Nas Memórias Póstumas... (na página intitulada “Ao leitor”), Brás Cubas nos dá a medida da sua oscilação permanente entre um Desejo autocomplacente e uma anêmica Vontade. Diz ele:
“Que Stendhal confessasse haver escrito um de seus livros para cem leitores, coisa é que admira e consterna. O que não admira, nem provavelmente consternará é se este outro livro não tiver os cem leitores de Stendhal, nem cinqüenta, nem vinte, e quando muito, dez. Dez? Talvez cinco.”
Assim é Brás Cubas. Tem intenções ousadas, mas, depois de dissipada a adrenalina do arroubo inicial, elas vão se conformando, resignadas, às dimensões que lhes impõe a realidade.
Brás imagina-se grandioso, arrebatador, mas o fato de imaginar-se, curiosamente, basta-lhe. O grande gesto da intenção vai sendo diluído em miúdos pela vida real, porque o que mais lhe interessa é satisfazer sua fantasia íntima de rapaz mimado.

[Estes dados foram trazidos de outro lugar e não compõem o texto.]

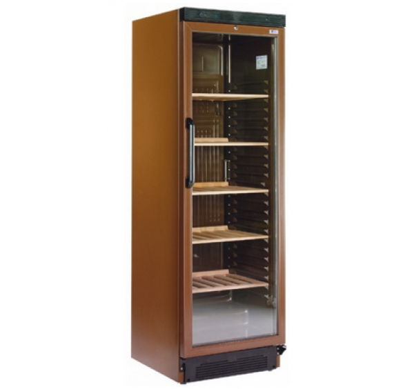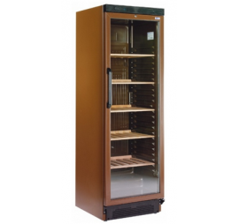 Üvegajtós borhűtő statikus hűtéssel, belső világítással, fa polcokkal..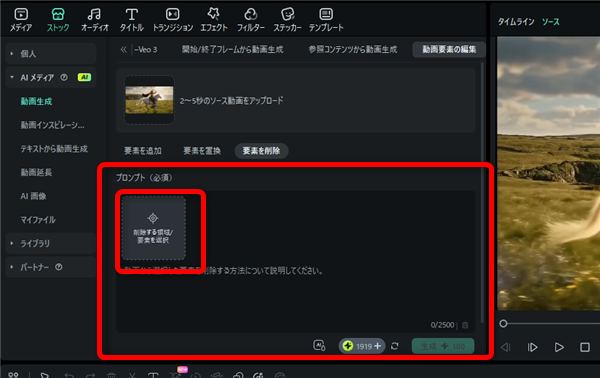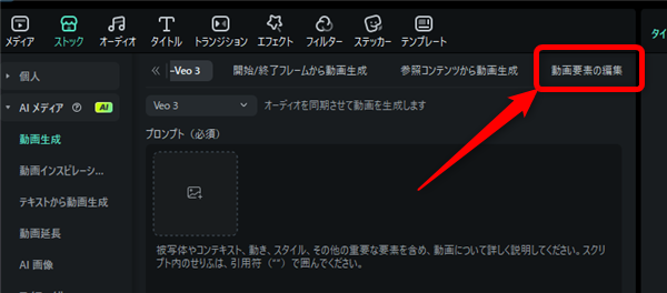 ここでは「AIプロンプト動画編集」について紹介します。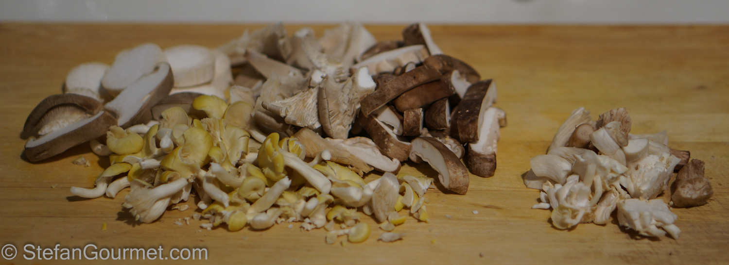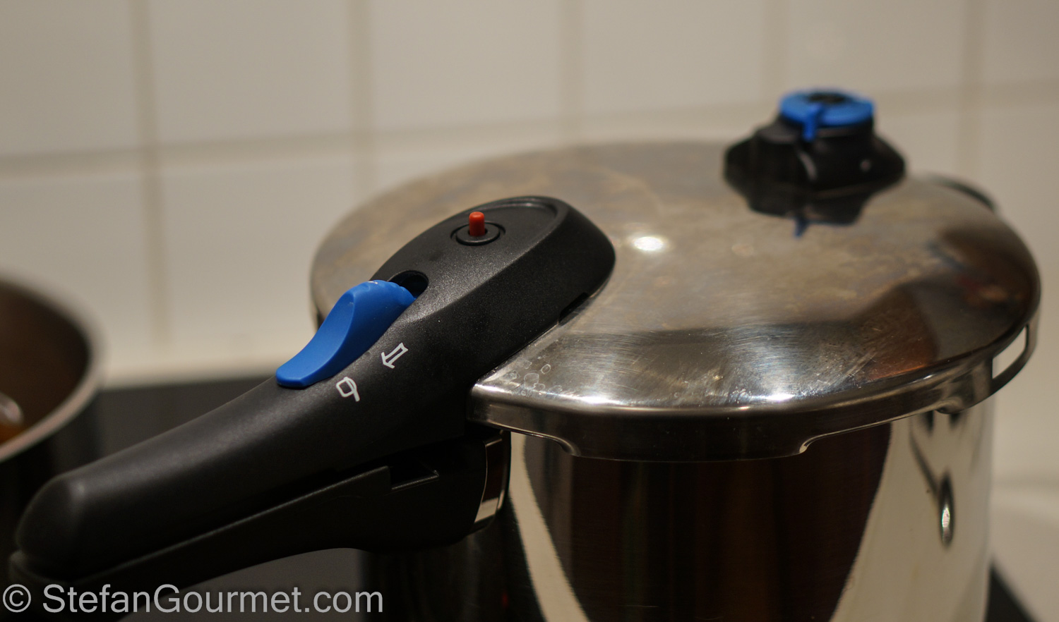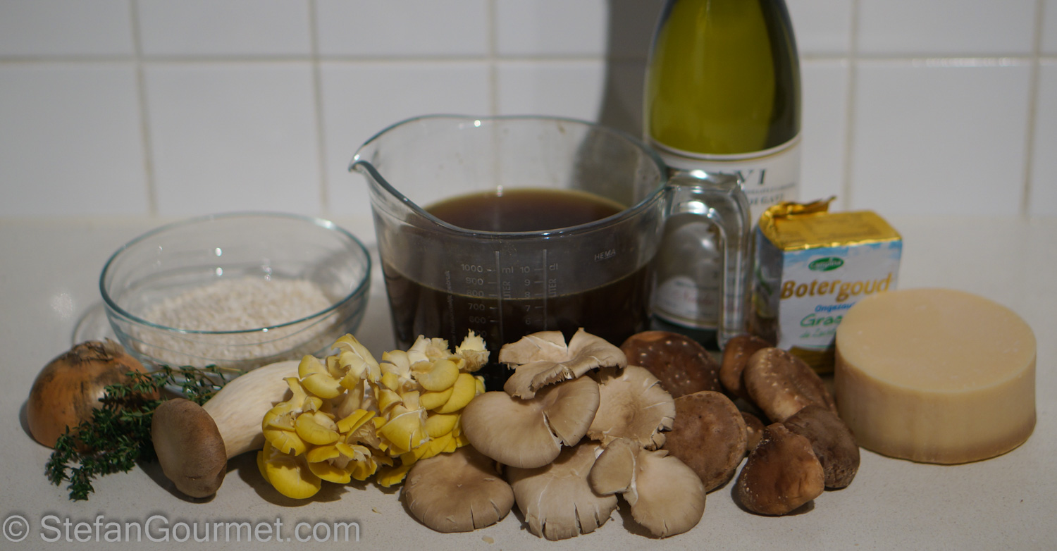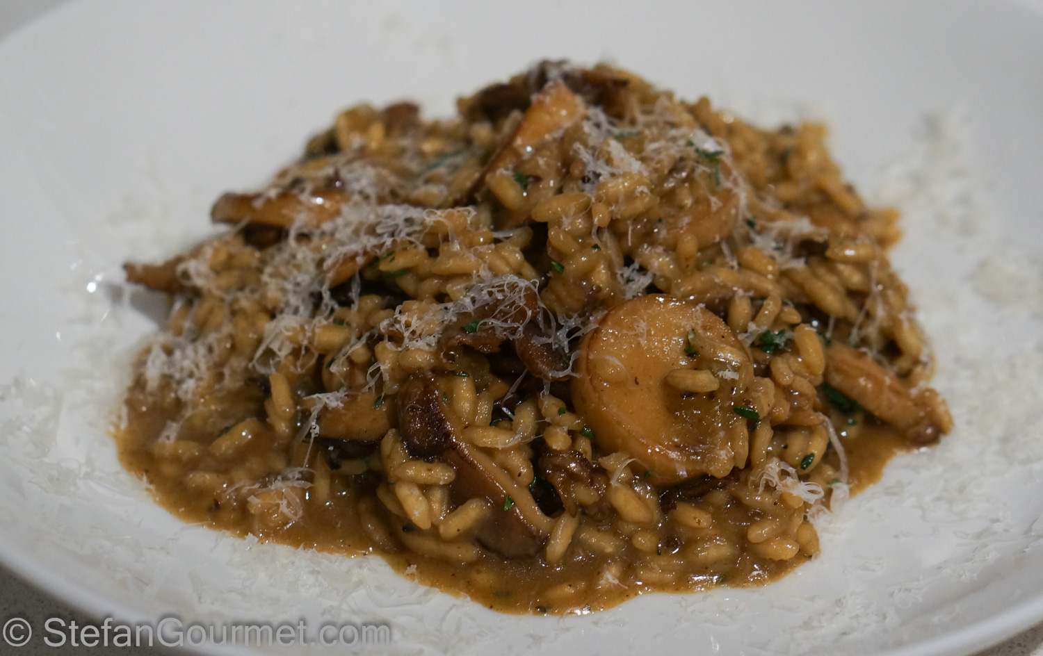My friend Jeroen swears by pressure cooked risotto, which according to him is quicker and just as good. I gave this a try and since I had some leftover mushroom stock from when I made truffle risotto, I decided to prepare a mushroom risotto. It is indeed quicker: from the moment I added the onion to serving took only 20 minutes instead of the usual 35. I think I could shave off up to 4 minutes by perfecting the amount of stock and the cooking time. As this was the first time I prepared it and you can’t check the rice while it is being pressure cooked and I didn’t want to risk overcooking the risotto, I pressure cooked it for 5 minutes at low pressure. The rice still needed another 5 minutes of regular cooking after that, so next time I will use a slightly longer cooking time. The exact cooking time will depend on the type of rice, so if you switch types (carnaroli, arborio, etc.) or even brands you may have to recalibrate your pressure cooked risotto recipe.

E há o episódio do almocreve (Cap. XXI). O jumento que ele monta espanta-se, ameaça disparar; Brás despenca da sela com o pé preso ao estribo, e ai dele se não fosse um almocreve que detém e subjuga o animal.

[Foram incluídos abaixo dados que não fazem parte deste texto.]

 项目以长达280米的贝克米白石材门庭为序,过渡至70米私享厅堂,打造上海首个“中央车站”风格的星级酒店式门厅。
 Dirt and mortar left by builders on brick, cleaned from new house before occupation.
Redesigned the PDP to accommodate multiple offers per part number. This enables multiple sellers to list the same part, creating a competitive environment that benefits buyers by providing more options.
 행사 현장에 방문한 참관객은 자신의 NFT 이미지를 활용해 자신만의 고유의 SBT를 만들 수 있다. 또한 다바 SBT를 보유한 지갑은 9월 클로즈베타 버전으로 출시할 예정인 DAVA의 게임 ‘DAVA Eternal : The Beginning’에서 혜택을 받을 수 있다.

Recuperado, Brás agradece ao salvador e delibera, intimamente, dar-lhe três das cinco moedas de ouro que trazia consigo. Logo pondera se não bastariam duas. Examina a roupa do benfeitor, constata que é um pobretão, e chega a tirar do bolso uma única moeda. O almocreve está de costas. Depois de uma derradeira hesitação, Brás mete-lhe na mão um cruzado de prata. Torna a agradecer, monta.
Ao se afastar vê de longe o almocreve que gesticula, fazendo-lhe grandes cortesias, e pensa por fim que o outro foi apenas um instrumento da Providência, que estava lá por acaso, que não lhe coube mérito algum... E:
“Fiquei desconsolado com esta reflexão, chamei-me pródigo, lancei o cruzado à conta das minhas dissipações antigas; tive (por que não direi tudo?) tive remorsos”.

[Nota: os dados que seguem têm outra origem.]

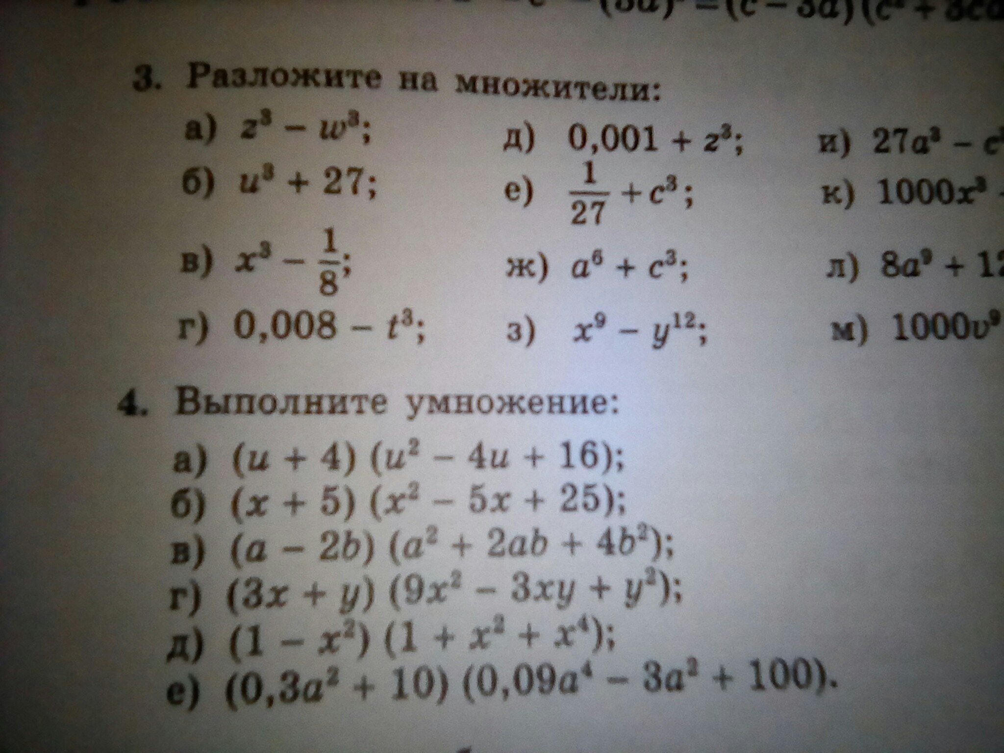 Произведение суммы двух чисел на неполный квадрат их разности по формуле СУ равно сумме кубов этих чисел:= u^3+4^3 = u^3+64.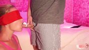Девушку с повязкой на глазах кормят сливками с члена, эта малышка любит сосать хуй и кушать сливки, вот же сладкая сучка.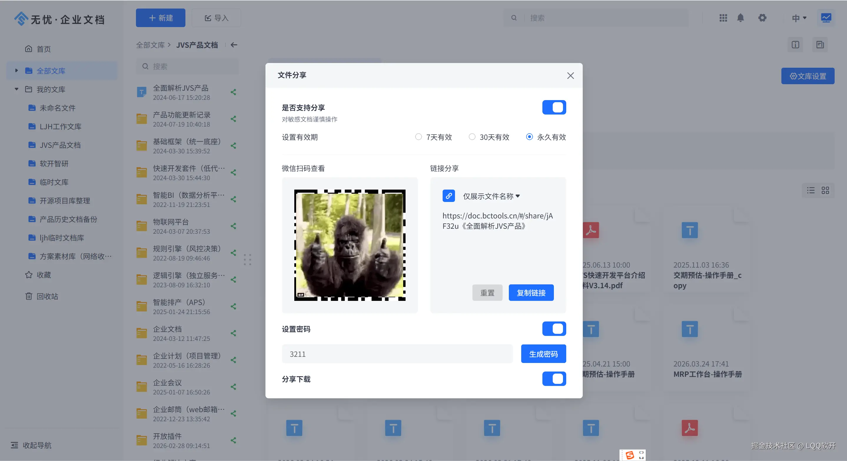 • 支持加密分享、有效期控制、外发权限限制等功能,在实现文件安全共享的同时,有效防范信息泄露风险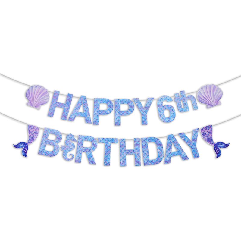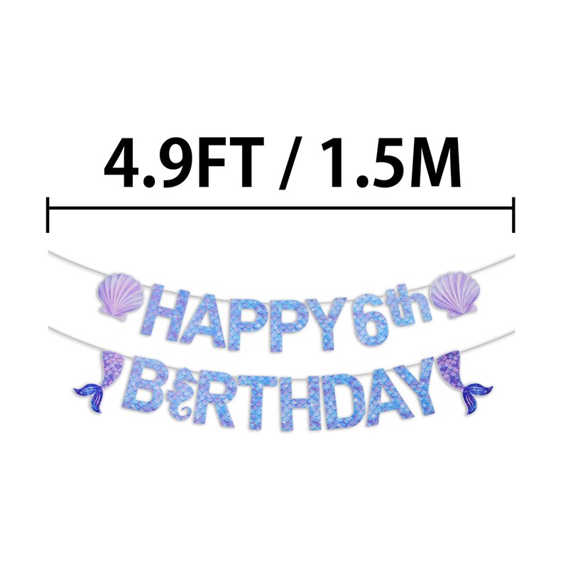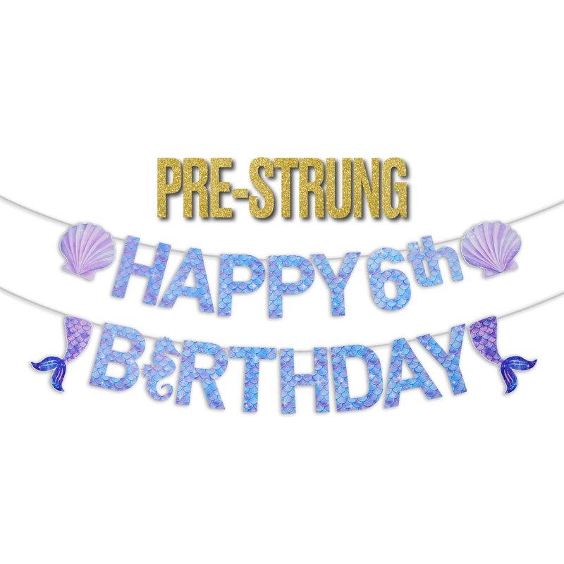 Pre-Strung Mermaid 6th Birthday Banner for Mermaid Birthday Decorations - NO DIY - 6th Mermaid Party Decorations,6th Mermaid Party Supplies(3rd-7th)

Depois do arroubo inicial, tudo decresce, tudo míngua, tudo se conforma à prudente mesquinhez do nosso herói.
E não há como não ver nisto um eco do “serrote” que protagoniza o conto “O Empréstimo” (Papéis Avulsos, 1882), um tal Custódio, que “nascera com a vocação da riqueza, sem a vocação do trabalho”. É um pedidor. Aquele da piada: “É colírio? Pinga aqui...”
Nas seis páginas perfeitas deste conto, Custódio assedia o tabelião Vaz Nunes por cinco contos de réis, que caem depois para quinhentos mil réis, e para duzentos, para cem, para vinte... No fim do conto, Custódio morde cinco mil réis de Vaz Nunes, e sai de rua afora, “pisando rijo, encarando fraternalmente os ingleses do comércio”.